Если суждено погибнуть - Поволяев Валерий Дмитриевич 5 стр.


Нет, этот молодой человек с инженерными погончиками на плечах был Оле совершенно неинтересен. Строльман только вздыхал и прикладывал платок к носу. Трубно сморкался.

– Олечка, ну, право, будь поласковее с ним, – просил он. – Ну пожалуйста!

Но Олечка ничего поделать с собой не могла, пыталась произносить какие-то ласковые слова, но вместо них рождались обычные деревянные, совершенно безликие фразы.

Совсем другое дело – корнет Каппель. Обаятельный, элегантный, с лучистым взглядом, умеющий интересно говорить, да и кончик носа всегда сухой.

Общались Ольга Строльман и Владимир Каппель через шуструю, тонконогую, похожую на синичку горничную. Очень проворная и хитрая была девушка, ей немало перепало серебряных рублей из скромного жалованья корнета.

Встречались Каппель и дочка Строльмана тайком и на большее пока не могли рассчитывать – Олин папенька по-прежнему не мог видеть бравых кавалеристов, морщился недовольно:

– Интриганы! В седлах спят, в седлах едят, в зубах ногтями ковыряют… Тьфу!

Как-то старика Строльмана вызвали в Санкт-Петербург, в управление, которому подчинялись пушечные заводы России. Поехал он туда с женой, поскольку возраст уже не позволял ему совершать такие поездки в одиночку. Дома оставалась лишь Ольга с шустрой горничной. Строльман почесал затылок, подумал о том, что домашнюю крепость надо бы укрепить хотя бы одним мужчиной… Пусть в доме Строльманов в отсутствие хозяина витает мужской дух…

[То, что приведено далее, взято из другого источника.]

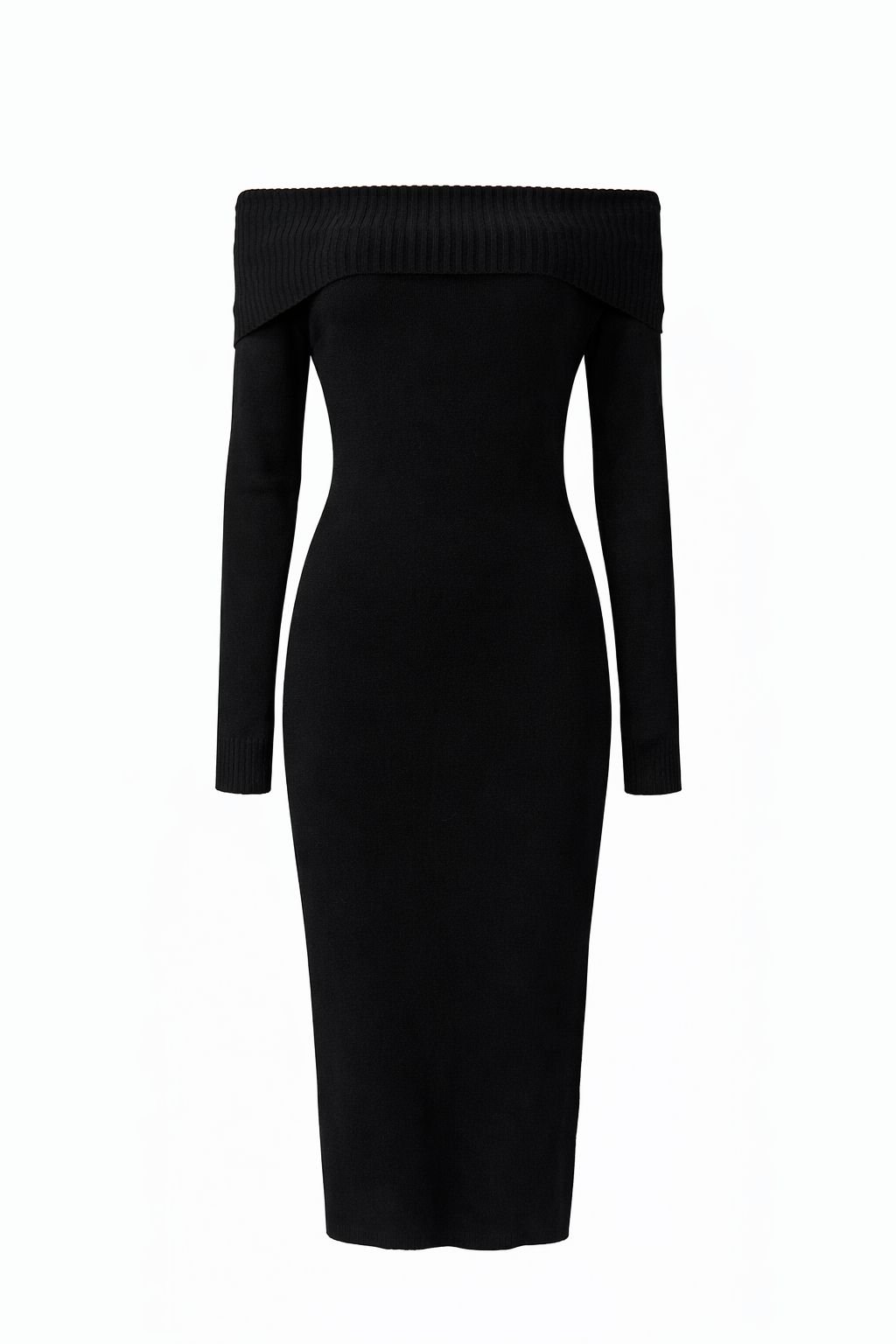 Robe longue moulante en maille – Épaules dénudées
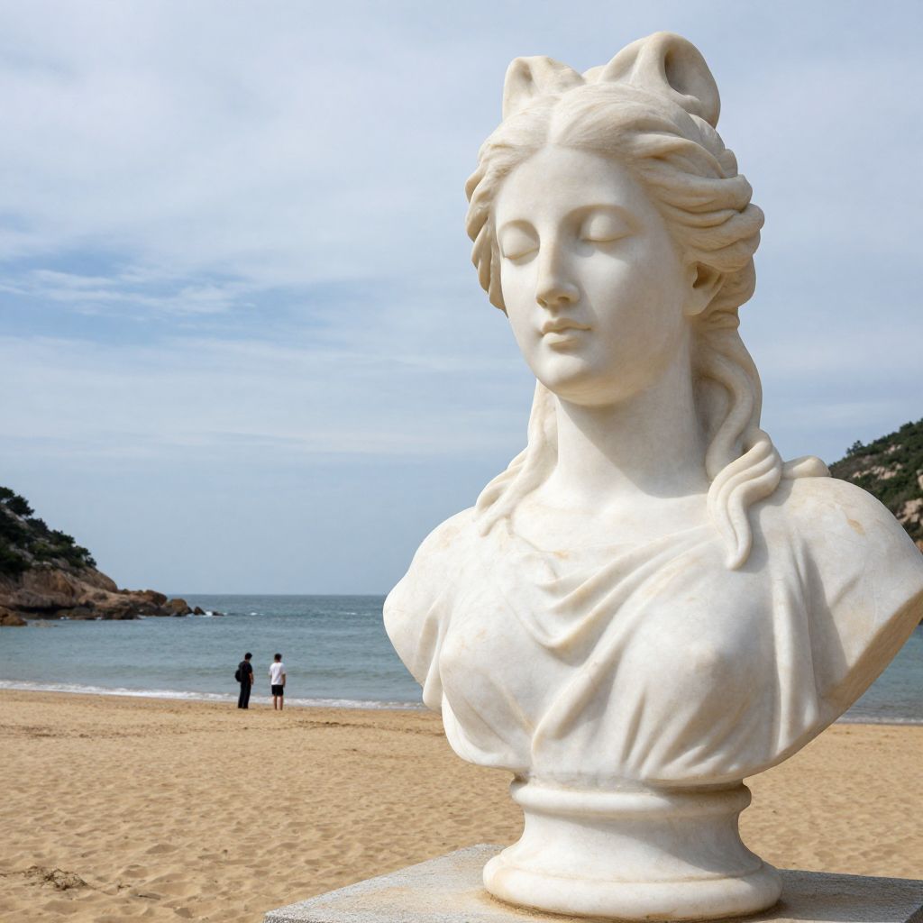 Photograph of a white marble statue of a serene, young woman with closed eyes and a calm expression, wearing a draped garment. She has wavy hair adorned with a small, cat-like headpiece. The statue is positioned on a sandy beach with a blue sky and calm sea in the background. Two people stand in the distance, one closer to the water and the other further back. The beach is bordered by dark green, rocky cliffs on the left. The overall mood is tranquil and picturesque.
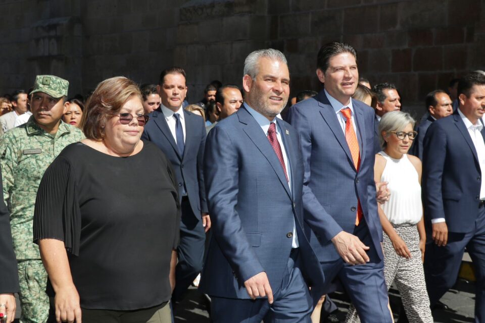 *Morelia, Michoacán, 2 de mayo de 2023.-* El gobernador Alfredo Ramírez Bedolla y el presidente municipal Alfonso Martínez Alcázar, realizaron el recorrido del Bando Solemne para dar a conocer el programa de actividades con motivo del 482 Aniversario de la Fundación de Morelia.

Поразмышляв немного, директор пришел к выводу, что это будет совсем неплохо, и попросил старенького, давно уже вышедшего в тираж инженера Селезневского пожить немного в его «латифундии», присмотреть за хозяйством, за Олей, и ежели что, то и внушение сделать – без всякого, естественно, стеснения.

Селезневскому такое доверие польстило, он покивал головой, на которой смешно подрагивал пушистый белый венчик:

– Не извольте тревожиться!

С тем супруги Строльманы и отбыли в Санкт-Петербург. Рассчитывали они провести там не менее месяца – этот вызов был для них вроде дополнительного отпуска, тем более Строльману надо было проконсультироваться с врачами по части урологии и крепости сердечной мышцы: что-то «магнето», как он называл сердце, начало работать неровно: то убыстрит свой бег, то замедлит…

Стояла зима, роскошная, холодная, такая зима может быть только в России – с высокими прямыми дымами, вертикально уходящими в небесную высь, с хрупким рассыпчатым снегом, пахнущим молодой капустой, со звонким тюканьем синиц, с затихшими селами – каждая яблоня до уровня человеческого роста побелена известкой и заботливо укутана рогожей, чтобы комли не обгладывали зайцы.

Каппель любил такую зиму – она и под Тулой была такой же красочной, как и под Пермью. Когда он приезжал на рождественские каникулы из училища домой, то очень любил кататься днем на санях, а вечером – заглянуть в какой-нибудь теплый, с гудящей печью трактир, выпить пару стопок монопольки либо местного вина, которое тут гнали из яблок, вишни и крупных, как картечь, ягод черной смородины. Вино это, как сидр, продавали в бутылках, и оно, игривое, легко вышибало пробки…

Когда Строльманы отбыли в Санкт-Петербург, Оля и Каппель стали видеться чаще. Корнет, очень ладно скроенный, с мягкой улыбкой, нравился девушке, в нем было скрыто что-то колдовское, очень притягательное, заставляющее в сладком страхе сжиматься сердце. Оля как-то сказала об этом Каппелю, в ответ он только засмеялся…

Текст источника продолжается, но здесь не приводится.